Sin reflexionar, con la rapidez instintiva de un animal silvestre, di un salto de
lado y colocándome en bola, las rodillas en la frente y los brazos cruzados en
torno a la cabeza, me eché a rodar monte abajo. Cuanto ? No guardo recuerdo
preciso de tiempo ni de distancia, pero al revivir la escena deduzco que debí
rodar cerca de cien metros. Oía tiros disparados a bulto pero no el silbido de las
balas. Tiraban por tirar, rabiados de que les hubiera escapado una victima. Una
vez detenido por un matorral, seguí escapando, ya de pie, hacia abajo. Pero la
emoción, más que la fatiga, me había sin duda agotado y pronto sentí que no
podía más. Busqué pues una matas y entre ellas me tumbé resignado a todo,
incapaz de moverme. El capote verde se prestaba bien al camuflaje sobre la
hierba del prado y las hojas de la mata. Desde allí oía hablar a los falangistas
comprendiendo distintamente algunas frases cuando el que hablaba tenía voz
recia : “A ver como se llamaba este hijo de puta” decía el que era probablemente
jefe al examinar los papeles de Tuñón. La claridad con que los oía me hace
pensar que la distancia en línea recta de mi escondite al lugar de la emboscada
no debía ser mayor de los 200 metros. Quizás algo más, por las condiciones
acústicas de la cañada y de la niebla pero no mucho más. Mi situación seguía
pues siendo precaria. Por fortuna al buscarme lo hicieron hacia arriba, hacia las
cumbres creyendo que los “fugados”, como las cabras, tiran al monte. En caso
de poco peligro es cierto. El monte nos ofrece mil medios de defensa y
escondite. Pero ante una batida sistemática, el objetivo es descender hacia el
llano. Cuando más abajo la circunferencia que limita el terreno a batir se dilata y
las patrullas se distancian. Es pues mal fácil romper el cerco o pasar de través.
Pero el jefe falangista poseído de la idea de que a un “fugado” se le busca en el
monte dio ordenes a sus hombres en consecuencia y pronto les sentí alejarse.

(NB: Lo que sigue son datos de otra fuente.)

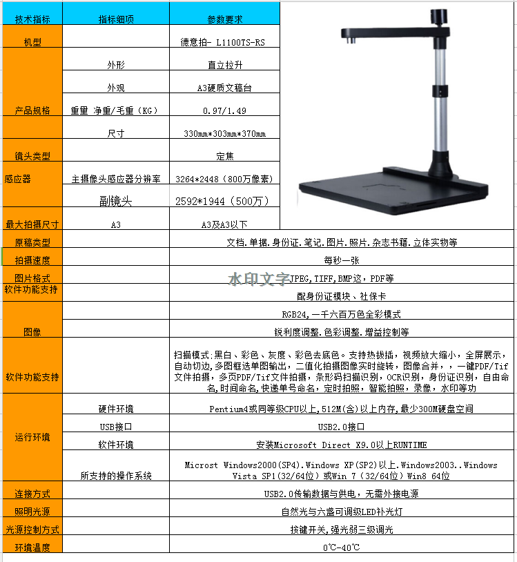 A3幅面 主攝像頭感應(yīng)器分辨率:3742*2806(1000萬像素)副頭:500萬 分辨率:2592*1944定焦 USB2.0 弱-強(qiáng)-關(guān)三級調(diào)光,圖片格式JPG/PDF/TIF, 標(biāo)配硬底坐,帶卡槽方便精準(zhǔn)定位拍照。產(chǎn)品特點(diǎn):穩(wěn)固結(jié)實(shí)大氣,可擴(kuò)展兩個USB ,配身份證閱讀器/社???/span>,方便快捷提高辦公效率,拍攝類型:黑拍白/彩色/灰度/彩色去底色
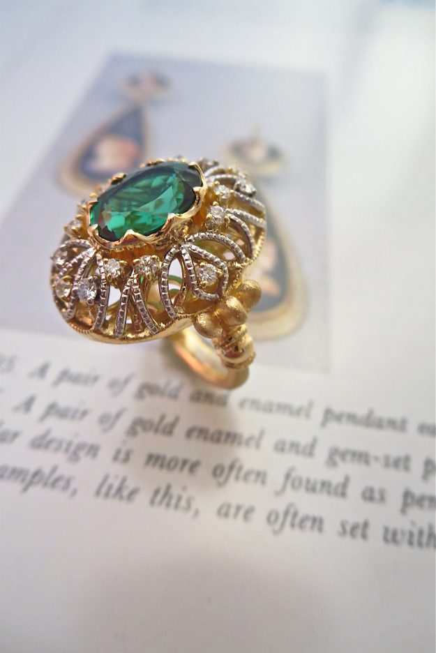 オーダーはヴィジェのオリジナルスタイルを基本にしてディティールをお客様の自由に表現する様ににしたジュエリー制作ですが今回はルースもお持ち込みでデザイン画から制作迄お客様のお好みで仕上げました。
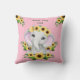 Here's a great gift pillow to commemorate the birth of a sweet baby girl. Each side has an image of a baby elephant with sunflower adornment. Sunflowers are also at the top corners and at the elephant's feet. One side of the pillow has the baby's name and her birth date. The other side has another custom text field. Everything is placed on a pink background. Adorable!
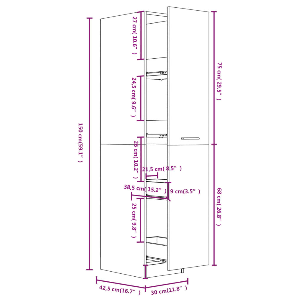 - Dimensions: 30 x 42.5 x 150 cm (L x W x H)
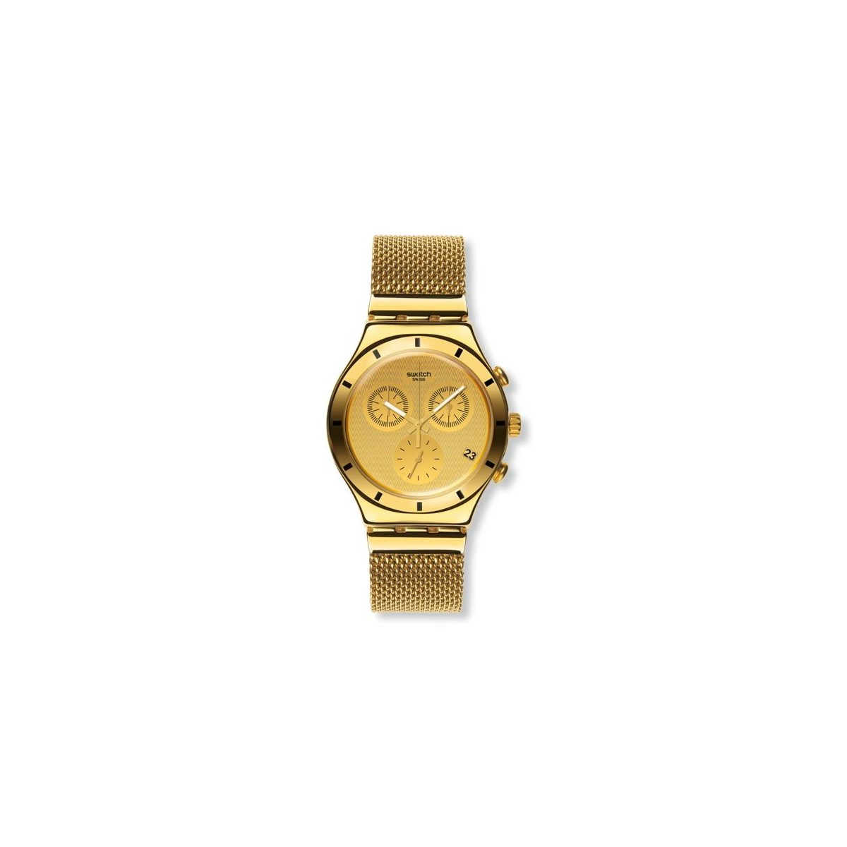 Swatch Uhr Iron COLDEN decken mit Chronograph Edelstahlband und gold farbig

Hasta el atardecer estuve miserablemente acurrucado en aquello monte. Al
desaparecer el peligro inminente comenzaron a hacerse sentir las contusiones de
mis cien metros rodados. Las manos y la cara desgarradas de espinas. Los codos
y rodillas desollados. Y el mazazo moral de la muerte de Tuñón me habían
reducido a un estado lamentable y mi aspecto al penetrar aquella noche en la
caverna de Flojeras, debió parecer lastimoso a Cubano y Huerta que esperaban
impacientes nuestra llegada .
Así murió , en la madrugada del 29 de abril de 1938, el camarada Tuñón.
Si yo hubiera ido delante estas líneas no hubieran sido escritas.